• **What to do**: An exact copy of the lines of the listing below between the "Yulakes 1 Paar" line and the "Ce papier d'emballage" line, both included, is the whole answer; please omit the pictures.

◇ ◇ ◇ ◇

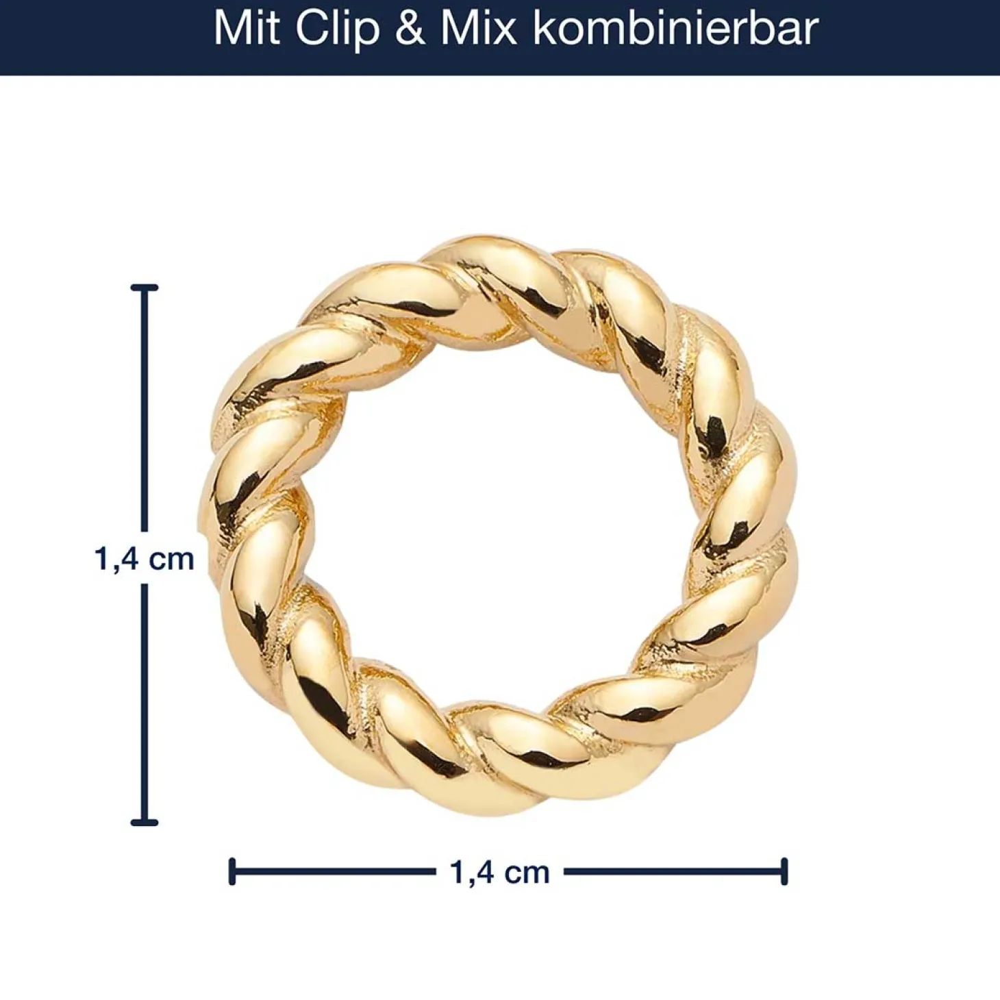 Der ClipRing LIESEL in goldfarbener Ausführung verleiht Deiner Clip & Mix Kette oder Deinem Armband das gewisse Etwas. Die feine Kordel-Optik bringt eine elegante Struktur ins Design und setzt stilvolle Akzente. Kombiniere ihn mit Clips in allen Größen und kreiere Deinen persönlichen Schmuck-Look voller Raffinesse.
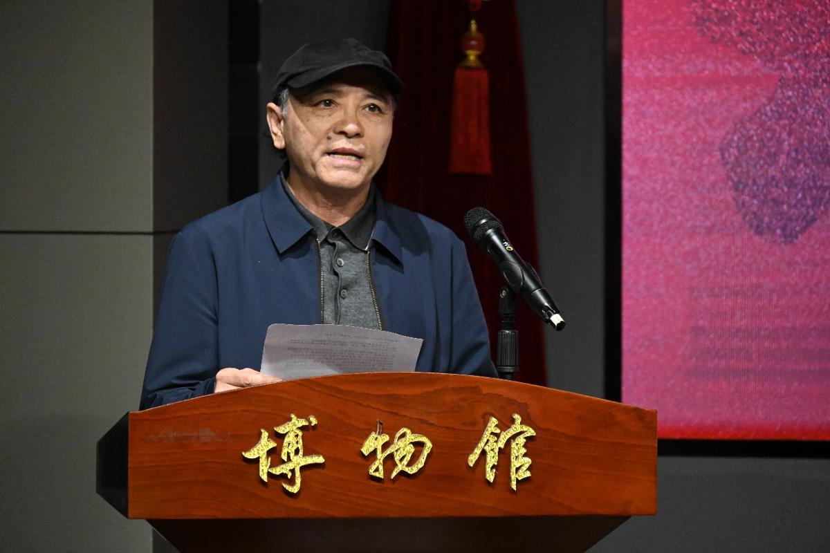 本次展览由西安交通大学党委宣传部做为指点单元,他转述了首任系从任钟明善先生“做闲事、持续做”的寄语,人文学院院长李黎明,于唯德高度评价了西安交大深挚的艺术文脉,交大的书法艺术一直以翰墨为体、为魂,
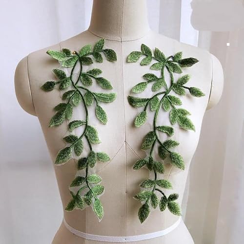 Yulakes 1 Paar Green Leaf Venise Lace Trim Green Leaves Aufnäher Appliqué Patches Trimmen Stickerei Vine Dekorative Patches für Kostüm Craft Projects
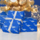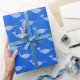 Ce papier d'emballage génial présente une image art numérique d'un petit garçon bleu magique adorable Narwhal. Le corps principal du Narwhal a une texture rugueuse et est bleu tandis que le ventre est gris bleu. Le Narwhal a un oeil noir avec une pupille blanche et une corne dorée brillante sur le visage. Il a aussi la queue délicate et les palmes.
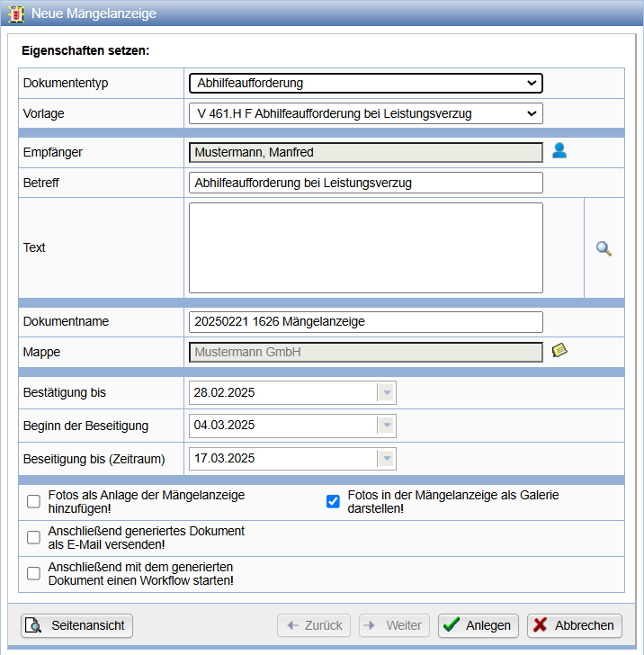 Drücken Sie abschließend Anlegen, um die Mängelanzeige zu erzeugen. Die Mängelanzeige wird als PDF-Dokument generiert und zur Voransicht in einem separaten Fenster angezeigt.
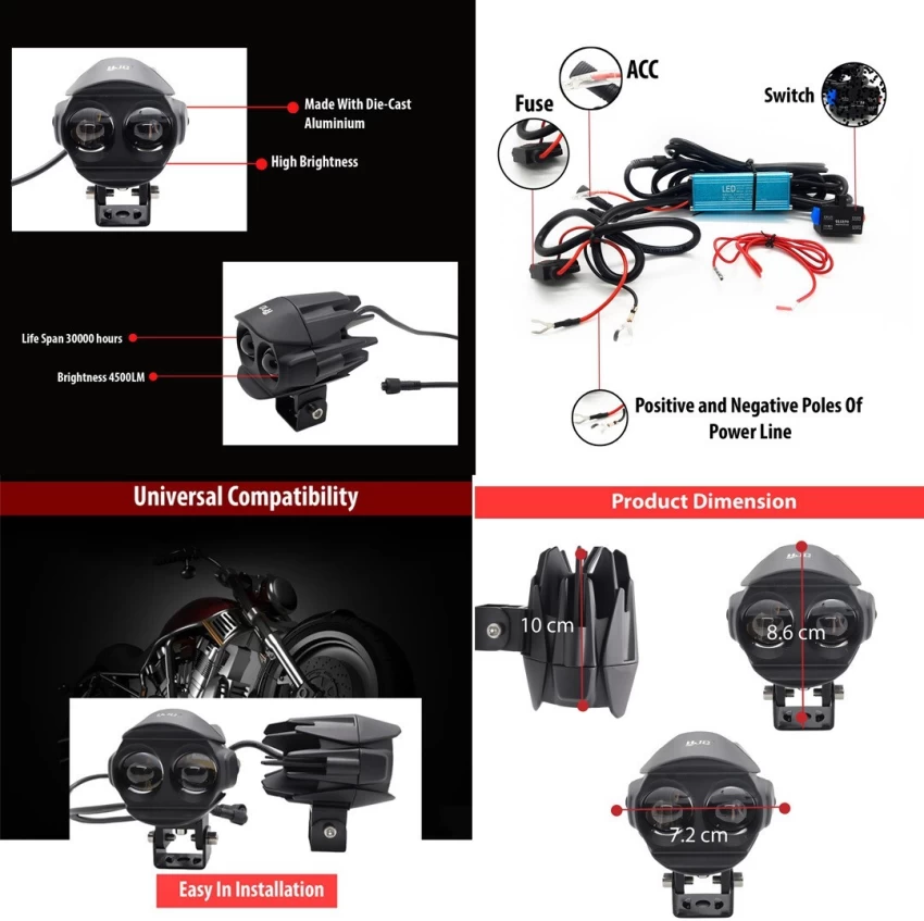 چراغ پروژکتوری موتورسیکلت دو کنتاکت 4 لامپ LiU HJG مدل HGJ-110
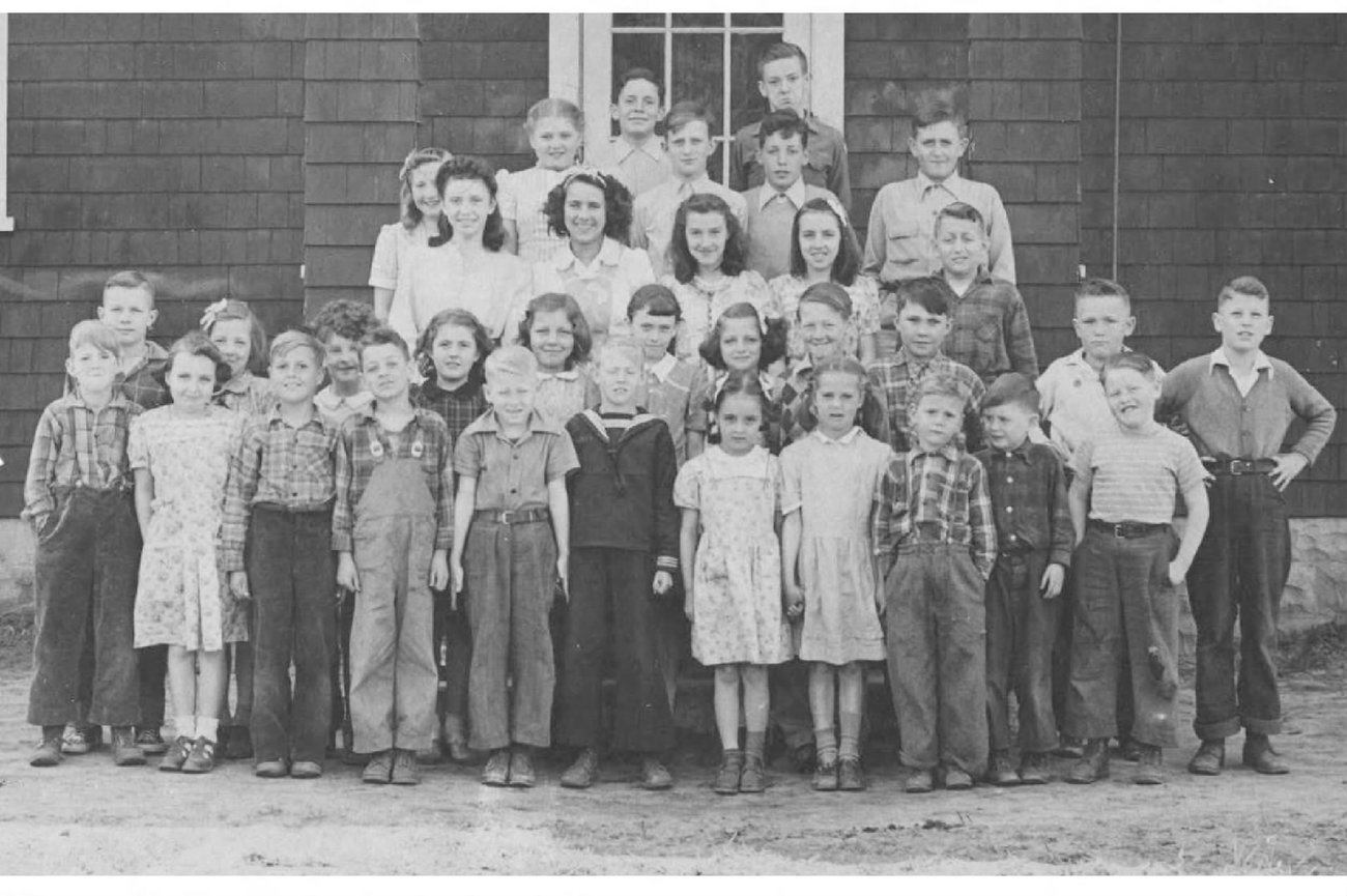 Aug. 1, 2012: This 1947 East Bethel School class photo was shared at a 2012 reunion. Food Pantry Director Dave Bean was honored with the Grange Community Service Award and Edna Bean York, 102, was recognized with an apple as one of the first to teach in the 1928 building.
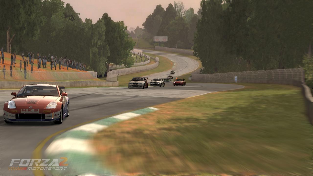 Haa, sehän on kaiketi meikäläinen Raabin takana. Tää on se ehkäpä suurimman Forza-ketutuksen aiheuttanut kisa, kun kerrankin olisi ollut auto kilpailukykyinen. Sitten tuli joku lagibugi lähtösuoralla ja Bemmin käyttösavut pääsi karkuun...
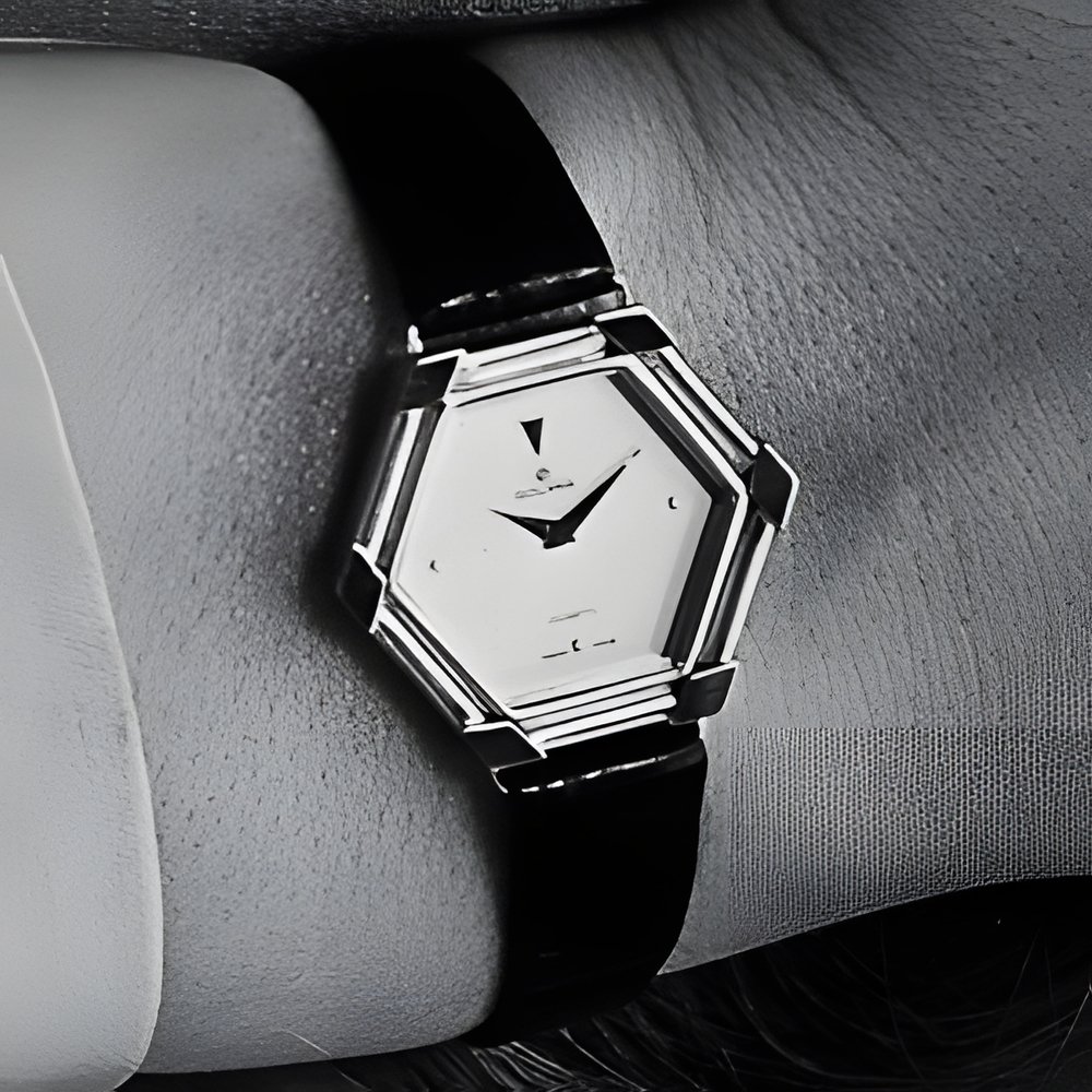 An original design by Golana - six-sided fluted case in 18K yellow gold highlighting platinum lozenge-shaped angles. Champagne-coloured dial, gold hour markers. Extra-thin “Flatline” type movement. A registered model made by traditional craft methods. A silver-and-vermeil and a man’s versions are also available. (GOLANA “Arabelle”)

◇ ◇ ◇ ◇

• **Answer to this problem**:
 Yulakes 1 Paar Green Leaf Venise Lace Trim Green Leaves Aufnäher Appliqué Patches Trimmen Stickerei Vine Dekorative Patches für Kostüm Craft Projects
 Ce papier d'emballage génial présente une image art numérique d'un petit garçon bleu magique adorable Narwhal. Le corps principal du Narwhal a une texture rugueuse et est bleu tandis que le ventre est gris bleu. Le Narwhal a un oeil noir avec une pupille blanche et une corne dorée brillante sur le visage. Il a aussi la queue délicate et les palmes.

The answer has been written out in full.